- Public has right to comment on proposed federal rules
- AI-created comments can dilute power of constituents
A top Senate Republican says he wants to prevent AI bots from being used to game the online public comment system at the federal agency in charge of managing US federal lands.
Sen. John
His concern: Foreign interest groups can infiltrate the system and AI bots can be used to submit fake comments to BLM. He and three Republican colleagues introduced a bill this summer that would ensure that only U.S. citizens get to submit public comments, and would use a filtering system to prevent AI bots from putting in comments.
The prospects of the bill are uncertain, and it is unclear what steps the agency could take and how prevalent the issue is. Still, the discussion comes amid growing questions about the possibility of artificial intelligence being used to manipulate government and democratic processes.
“We need some thoughtful regulation to promote efficient use of AI and effective use, and also to limit harmful uses, and certainly any kind of malevolent or malicious use of comment forums,” said Nigel Melville, a technology professor at the University of Michigan.
There has been turmoil and controversy with federal agency comments before. In 2017, the Federal Communications Commission’s Restoring Internet Freedom rulemaking process about net neutrality attracted nearly 22 million comments. The office of the New York Attorney General later said that 18 million of those comments were fake and these comments were funded by broadband companies to give the impression of popular support.
The rapid growth of generative AI tools could make it worse, and it’s going to get much more difficult over time to tell the difference between a machine-made comment and a comment from a real human, said Melville.
Feedback Matters
Under the Administrative Procedure Act, agencies are required to solicit and consider public comment when developing rules and regulations.
“They have extensive internal procedures for assessing the validity of what information is provided by comments,” said Bridget Dooling, a law professor at Ohio State who specializes in administrative law and regulatory policy.
“It makes a lot of sense for agency staff to be aware of the possibility of mal-attributed or fake comments, whether they’re generated by AI or generated by somebody with a lot of time on their hands,” Dooling said.
In a 2023 paper for the Brookings Institution, Dooling co-wrote that generative AI combined with a mass comment campaign could slow the rulemaking process even more.
“Generative AI disturbs this equilibrium because it may help bad actors generate comments that look more persuasive, i.e., comments that seemingly present evidence beyond mere sentiment,” the paper said.
While the issue of comments created by AI bots crowding out those of constituents could ostensibly affect any federal agency, Barrasso’s bill would specify only that comments under the Federal Land Policy and Management Act come from “citizens of the United States.”
Barrasso is concerned that comments from a bot or a foreign country would be given the same level of considerations as those directly impacted by regulatory changes.
A representative of the Bureau of Land Management, which is an agency within the Interior Department, declined comment when asked about Barrasso’s bill.

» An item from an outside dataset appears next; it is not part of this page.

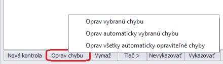 Automaticky – niektoré chyby sa dajú opraviť automaticky pomocou tlačidla Oprav chybu. Chybné záznamy môžeme opraviť hromadne voľbou Oprav všetky automaticky opraviteľné chyby. V prípade opravy jednej chyby zvolíme Oprav automaticky vybranú chybu. Tieto chyby sa zároveň vymažú zo zoznamu chýb.

But when questioned by Barrasso at a Senate committee hearing earlier this year, Tracy Stone-Manning, the director of the BLM, said: “We read the comments very thoroughly. I think that we can tell when it’s a bot and when it’s a Russian and when it’s an actual Idahoan.”
Filtering Submissions
A 2019 report by the Senate Permanent Subcommittee on Investigations found that most federal agencies don’t have a system in place to address allegations of comments submitted under false identities. The report said at the time that agencies didn’t have consistent policies when it came to screening comments.
But Dooling, the Ohio State professor who previously worked at the Office of Management and Budget’s Office of Information and Regulatory Affairs, pointed out in her 2023 paper that regulations.gov, which is used by most agencies to submit comments, “already implements several techniques to manage large volumes of comments.”
It would be logistically complex to make sure only US citizens were allowed to comment, Dooling said.
“It will almost certainly deter US citizens, as well as others, from commenting,” Dooling said, referring to Barrasso’s bill. “And we have spent decades trying to encourage the public to comment on proposed regulations and things like this that would raise the barriers to commenting should be viewed skeptically and carefully.”